Directing isn’t easy. It’s a lot of little decisions and delegating jobs to other people who you hope can execute the vision you have in mind down to the last detail. It’s communicating with actors and crew and hoping that you can bring everybody together under one unified, specific goal and sometimes, you just have to take on a little more to get the job done right.
With that in mind, Variety reports that Ben Affleck has cast himself in the lead of his next directorial effort, “Argo.” The film is based on the true story about a C.I.A. plan to rescue a group of diplomats from Tehran after the 1979 Iranian revolution by claiming that they were part of a Hollywood movie crew shooting a film in the country. Alan Arkin is on board to play Lester Siegel, a former O.S.S. spy, now a movie producer, described as “equal parts bookie and rabbi,” who helps get the fake movie rolling, with John Goodman playing the Oscar-winning “Planet of the Apes” makeup artist John Chambers who is brought in on the elaborate scheme. As for Affleck, he’ll take the central role of Tony Mendez, the CIA exfiltration expert who gets the whole scheme up and running.

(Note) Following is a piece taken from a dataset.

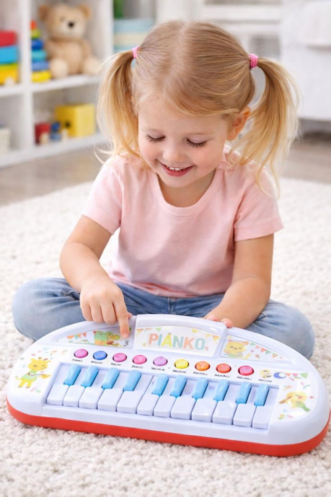 Barevné dětské piánko s roztomilými motivy zvířátek je ideální první hudební hračka pro nejmenší děti. Piánko nabízí jednoduché ovládání, příjemné zvuky a veselé melodie, které podporují rozvoj hudebního sluchu, rytmu a jemné motoriky. Díky lehké plastové konstrukci je piánko snadno přenosné a bezpečné pro malé dětské ruce. Obsahuje klávesy a tlačítka s různými hudebními režimy a zvuky, které děti zábavnou formou seznamují se světem hudby. Hračka je napájena bateriemi a dodávána v barevné krabici, vhodné i jako dárek.

Affleck previously directed himself in the heist pic “The Town” and seems to listen very well to his own instructions. Still no start date just yet, but it looks like it will be imminent with casting continuing to move along steadily. Though the film will be lighter in tone than “The Town” or “Gone Baby Gone”—the fake movie stuff should be pretty amusing—it will also have a strong dose of realism too, as Affleck plans to have the actors who will play hostages live together in a “safe house” for two weeks prior to the start of filming so they can become acquainted with what their real life counterparts went through. No release date yet, but an Oscar season 2012 bow seems inevitable.